- Task directions -
Omit all pictures, then print the entries exactly.

- Data -
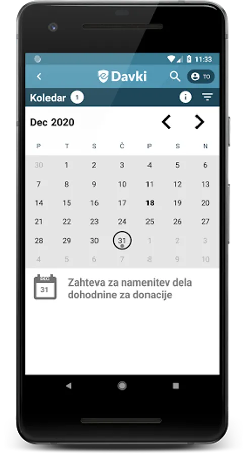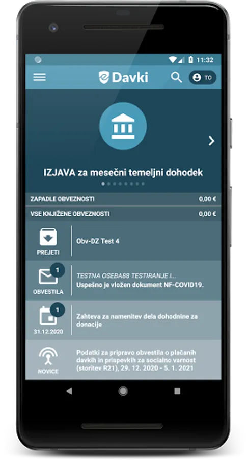 The application is intended for natural persons. It offers many features to assist you in dealings with the Financial Administration of the Republic of Slovenia. In addition to forms, contacts and general information, it offers, among other things, a personalised calendar through which you will be notified of your obligations and rights (e.g. notification of the expiry of the time limit for payment of a particular tax). If your employer fails to calculate and pay your social security contributions, you will be notified through the application as and when this happens. Taxable persons who claim a tax allowance for dependents may do so by using a pre-filled form with data from their previous year's applications.
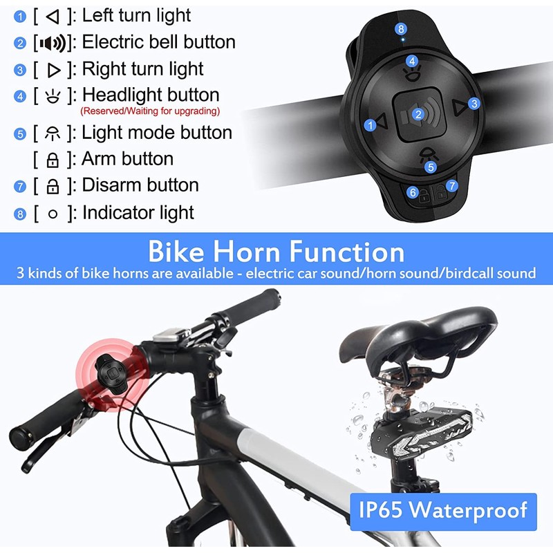 - VIBRATION ALARM and BIKE HORN: Anti-theft alarm model triggered by vibration, up to 110db LOUD alarm, effectively to scare off thieves and attract people's attention. 7 levels adjustable sensitivity from gently touch to push or beat.3 horn sounds are selectable by the remote. When press the electric bell button on the remote. a 110db horn sound will go off from the taillight to remind people, and aslo remind you where is your vehicle parking.
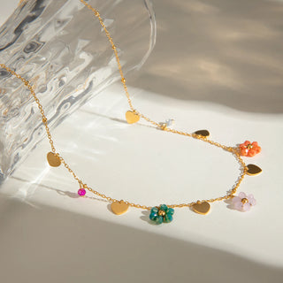 ステンレス304 低ニッケル 水に濡れても錆びにくい 18Kゴールドメッキ ネックレス チャーム ハート フラワー 花 【YJ02126】
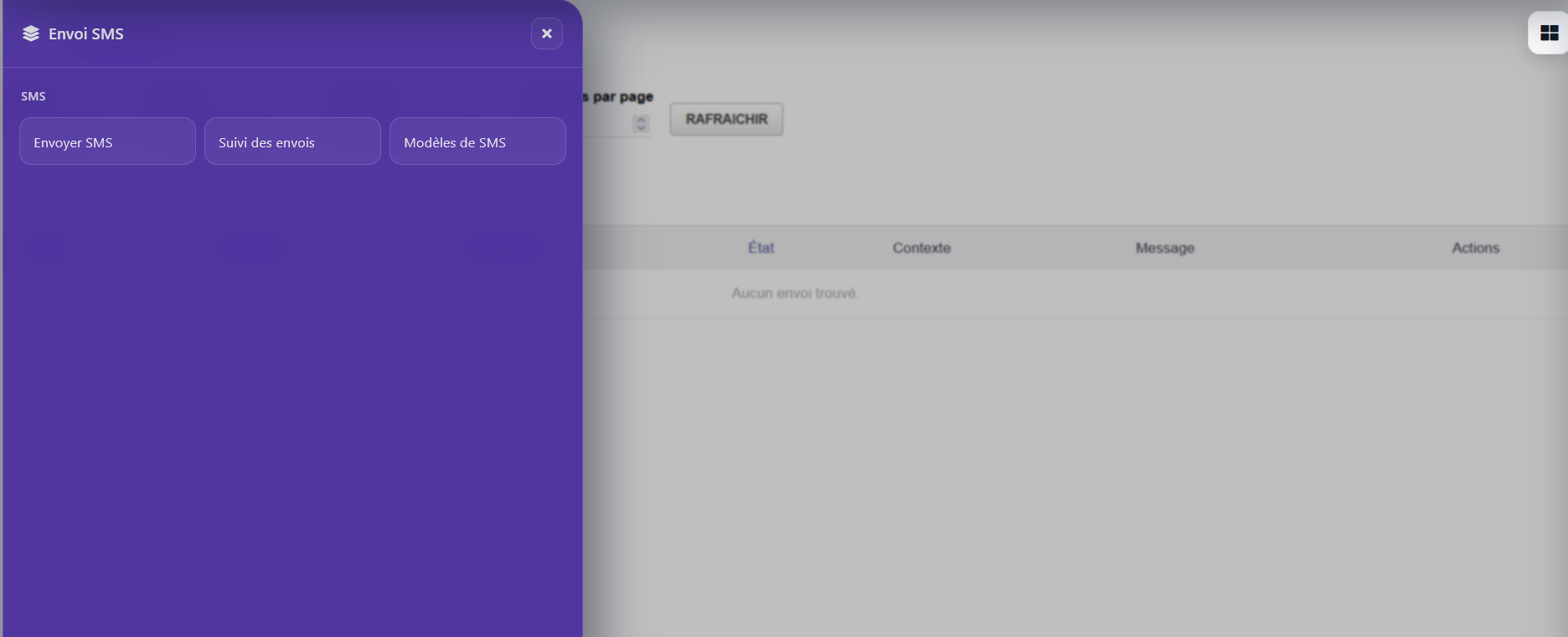 From cards (third party, invoice, proposal…), use the “Send SMS” action.
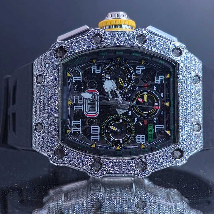 นาฬิกาควอตซ์แบบเหรียญโบราณขนาด 40 มม. ประดับเพชรโมอิสซาไนต์ VVS ระดับ Iced Out สายยาง ดีไซน์หรูหรา สไตล์ฮิปฮอป สำหรับผู้ชาย
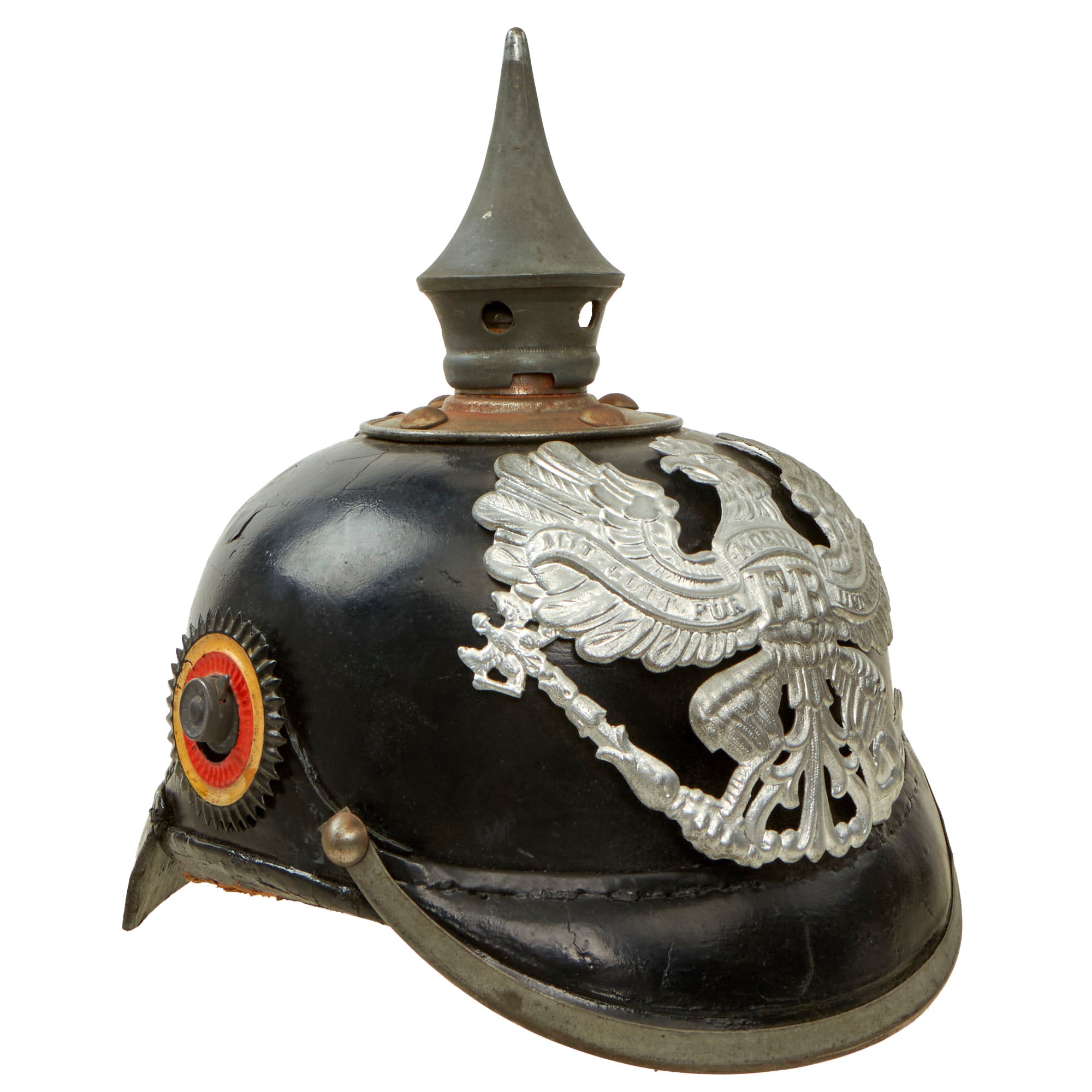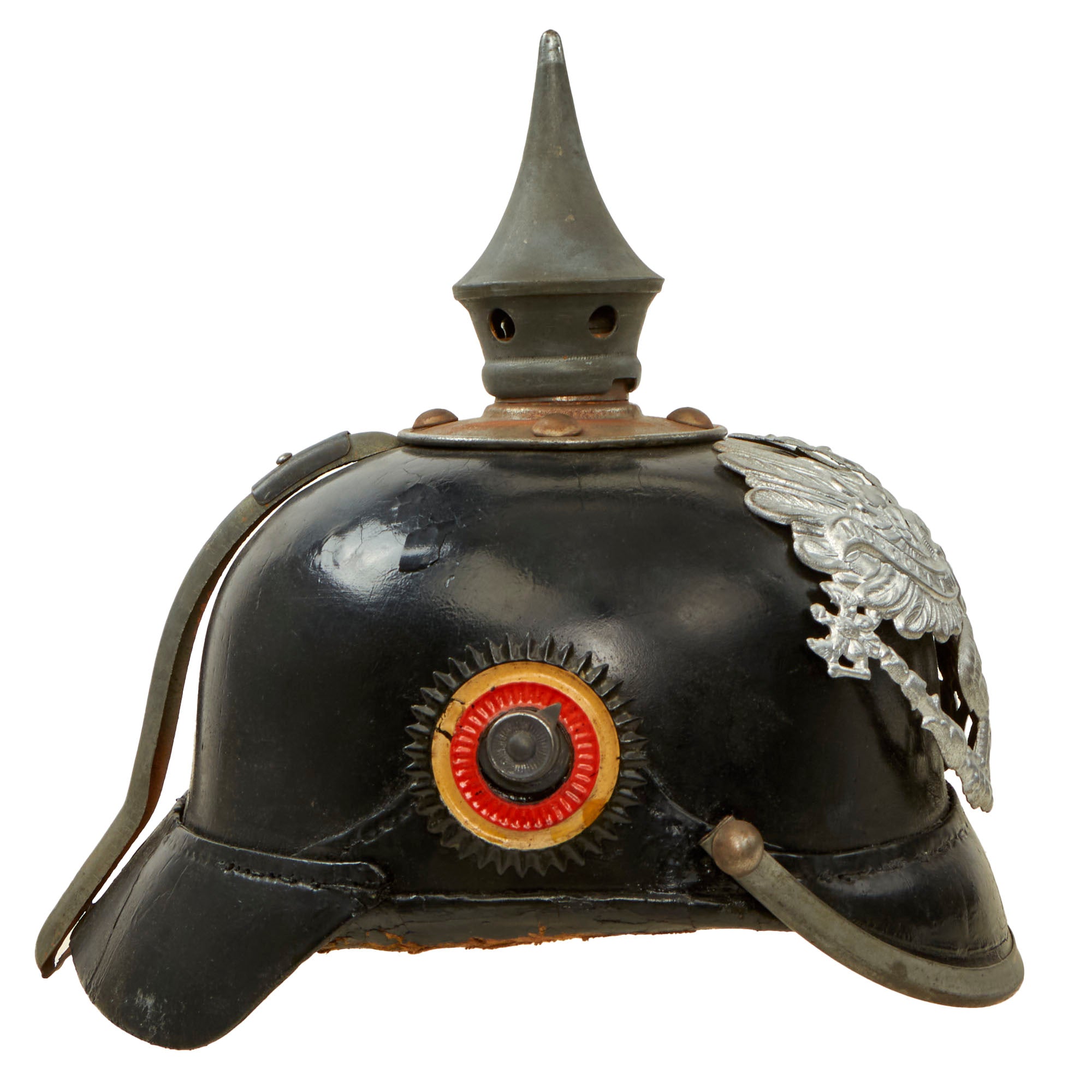 The helmet bears its original German National Colors (red white and black) Kokarden (cockades) around one of the chin strap lugs, but is missing the Prussian (black and white) cockade. In 1897 the new Reichs-Kokarde in Red-White-Black was introduced for all ranks to commemorate the 100th anniversary of the birth of Kaiser Wilhelm 1st. The Reichs-Kokarde was to be worn on the right side of the helmet, and the state Kokarde was moved to the left, as on this helmet.
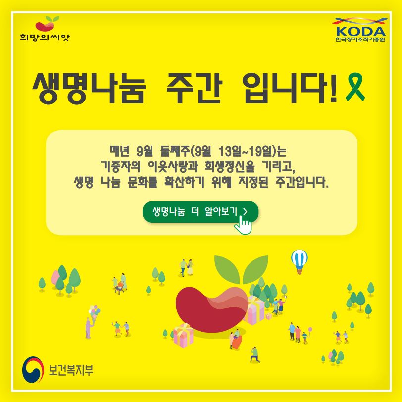 장기 등 이식에 관한 법률에 따라 매년 9월 둘째주 월요일부터 일주일간 열리는 생명 나눔 주간은 장기나 인체조직 기증자의 이웃 사랑과 희생 정신을 기리고 생명 나눔 문화 확산을 위해 마련됐습니다.
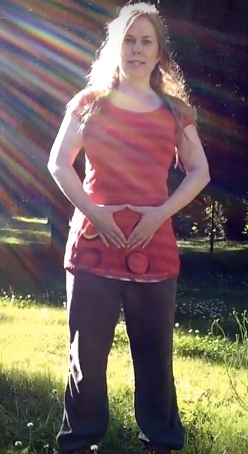 Beim Einatmen kannst du dir vorstellen, dass du frisches Qi oder Lebensenergie durch deine Hände einsammelst. Dabei bewegst du deine Hände wieder in die Ausgangsstellung zu dem Bereich unterhalb deines Nabels.
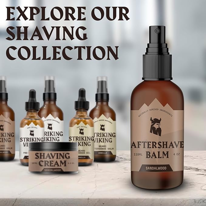 - Viking Strength Simplicity: Striking Viking's sandalwood aftershave for men embodies timeless strength with modern ease. Tackle the elements with confidence, keeping your skin in check no matter where your day takes you
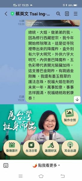 總統,大姐,做弟弟的我,因為修行西藏密宗,我今年開始修除障法,這是從寺院裡帶出來的降魔杵,盒外刻有六字大明咒,外供六字大明咒,內供普巴降魔杵,五色彩帶代表開光裝臟加持,這支普巴金剛杵,有跳過金剛舞 ,我還有墨玉翡翠的護法念珠,祝福大姐在新的未來一年,萬事如意,事事吉祥圓滿,祝福總統政躬康泰!
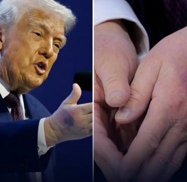 MANCHA ROXA VOLTA A APARECER NA MÃO DE TRUMP EM EVENTO INTERNACIONAL!
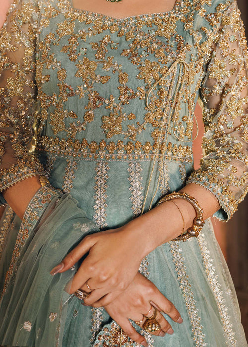 Additional Description: Double Layered Maxi paired with net duppata, an outfit completes the look with heavy embroidery and embellishment.
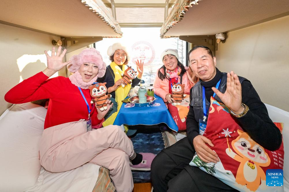Tourists experience local culture onboard a tourism train in northeast China's Heilongjiang Province, on Dec. 28, 2025. Train Y999/998, an ice-and-snow themed tourism loop train, started a six-day trip on Sunday. (Photo by Yuan Yong/Xinhua)
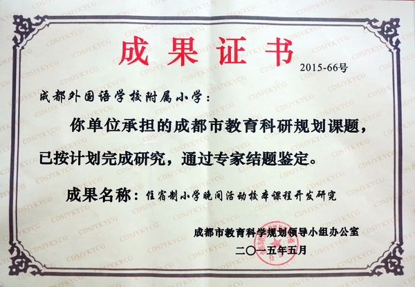2011年12月5日,由我校独立承担的成都市教育科学规划课题《住宿制小学晚间活动校本课程开发研究》正式立项。在三年多的研究过程中,课题组围绕研究目标,扎实开展研究工作,圆满完成了研究任务,达成了研究目标。经过成都市教育科学规划办组织相关专家的鉴定,这一课题目前已顺利结题。
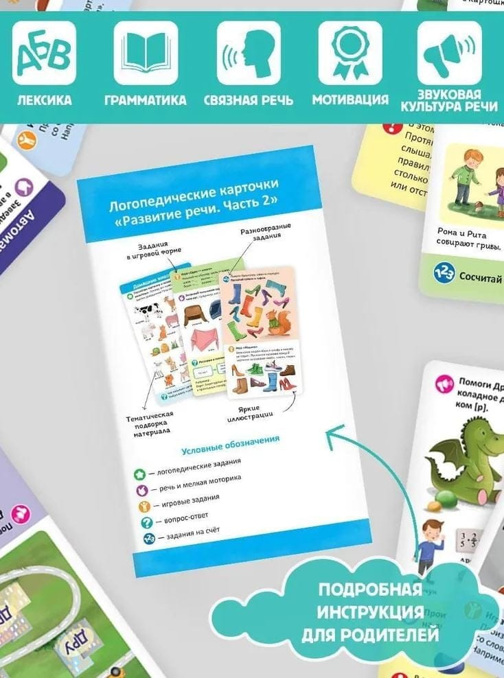 Это умные карточки, которые помогут вашему малышу стать настоящим вундеркиндом с пелёнок. Карточки разбиты на наборы по темам, которые направлены на постановку и автоматизацию звуков, предлагают различные упражнения для артикуляционной гимнастики, способствуют запуску речи. Это логопедическое пособие адресовано логопедам, дефектологам, родителям. Оно может также стать отличным подарком и малышу ваших друзей, и для группы в детском саду.

- Answer to this problem -
 The application is intended for natural persons. It offers many features to assist you in dealings with the Financial Administration of the Republic of Slovenia. In addition to forms, contacts and general information, it offers, among other things, a personalised calendar through which you will be notified of your obligations and rights (e.g. notification of the expiry of the time limit for payment of a particular tax). If your employer fails to calculate and pay your social security contributions, you will be notified through the application as and when this happens. Taxable persons who claim a tax allowance for dependents may do so by using a pre-filled form with data from their previous year's applications.
 - VIBRATION ALARM and BIKE HORN: Anti-theft alarm model triggered by vibration, up to 110db LOUD alarm, effectively to scare off thieves and attract people's attention. 7 levels adjustable sensitivity from gently touch to push or beat.3 horn sounds are selectable by the remote. When press the electric bell button on the remote. a 110db horn sound will go off from the taillight to remind people, and aslo remind you where is your vehicle parking.
 ステンレス304 低ニッケル 水に濡れても錆びにくい 18Kゴールドメッキ ネックレス チャーム ハート フラワー 花 【YJ02126】
 From cards (third party, invoice, proposal…), use the “Send SMS” action.
 นาฬิกาควอตซ์แบบเหรียญโบราณขนาด 40 มม. ประดับเพชรโมอิสซาไนต์ VVS ระดับ Iced Out สายยาง ดีไซน์หรูหรา สไตล์ฮิปฮอป สำหรับผู้ชาย
 The helmet bears its original German National Colors (red white and black) Kokarden (cockades) around one of the chin strap lugs, but is missing the Prussian (black and white) cockade. In 1897 the new Reichs-Kokarde in Red-White-Black was introduced for all ranks to commemorate the 100th anniversary of the birth of Kaiser Wilhelm 1st. The Reichs-Kokarde was to be worn on the right side of the helmet, and the state Kokarde was moved to the left, as on this helmet.
 장기 등 이식에 관한 법률에 따라 매년 9월 둘째주 월요일부터 일주일간 열리는 생명 나눔 주간은 장기나 인체조직 기증자의 이웃 사랑과 희생 정신을 기리고 생명 나눔 문화 확산을 위해 마련됐습니다.
 Beim Einatmen kannst du dir vorstellen, dass du frisches Qi oder Lebensenergie durch deine Hände einsammelst. Dabei bewegst du deine Hände wieder in die Ausgangsstellung zu dem Bereich unterhalb deines Nabels.
 - Viking Strength Simplicity: Striking Viking's sandalwood aftershave for men embodies timeless strength with modern ease. Tackle the elements with confidence, keeping your skin in check no matter where your day takes you
 總統,大姐,做弟弟的我,因為修行西藏密宗,我今年開始修除障法,這是從寺院裡帶出來的降魔杵,盒外刻有六字大明咒,外供六字大明咒,內供普巴降魔杵,五色彩帶代表開光裝臟加持,這支普巴金剛杵,有跳過金剛舞 ,我還有墨玉翡翠的護法念珠,祝福大姐在新的未來一年,萬事如意,事事吉祥圓滿,祝福總統政躬康泰!
 MANCHA ROXA VOLTA A APARECER NA MÃO DE TRUMP EM EVENTO INTERNACIONAL!
 Additional Description: Double Layered Maxi paired with net duppata, an outfit completes the look with heavy embroidery and embellishment.
Tourists experience local culture onboard a tourism train in northeast China's Heilongjiang Province, on Dec. 28, 2025. Train Y999/998, an ice-and-snow themed tourism loop train, started a six-day trip on Sunday. (Photo by Yuan Yong/Xinhua)
2011年12月5日,由我校独立承担的成都市教育科学规划课题《住宿制小学晚间活动校本课程开发研究》正式立项。在三年多的研究过程中,课题组围绕研究目标,扎实开展研究工作,圆满完成了研究任务,达成了研究目标。经过成都市教育科学规划办组织相关专家的鉴定,这一课题目前已顺利结题。
 Это умные карточки, которые помогут вашему малышу стать настоящим вундеркиндом с пелёнок. Карточки разбиты на наборы по темам, которые направлены на постановку и автоматизацию звуков, предлагают различные упражнения для артикуляционной гимнастики, способствуют запуску речи. Это логопедическое пособие адресовано логопедам, дефектологам, родителям. Оно может также стать отличным подарком и малышу ваших друзей, и для группы в детском саду.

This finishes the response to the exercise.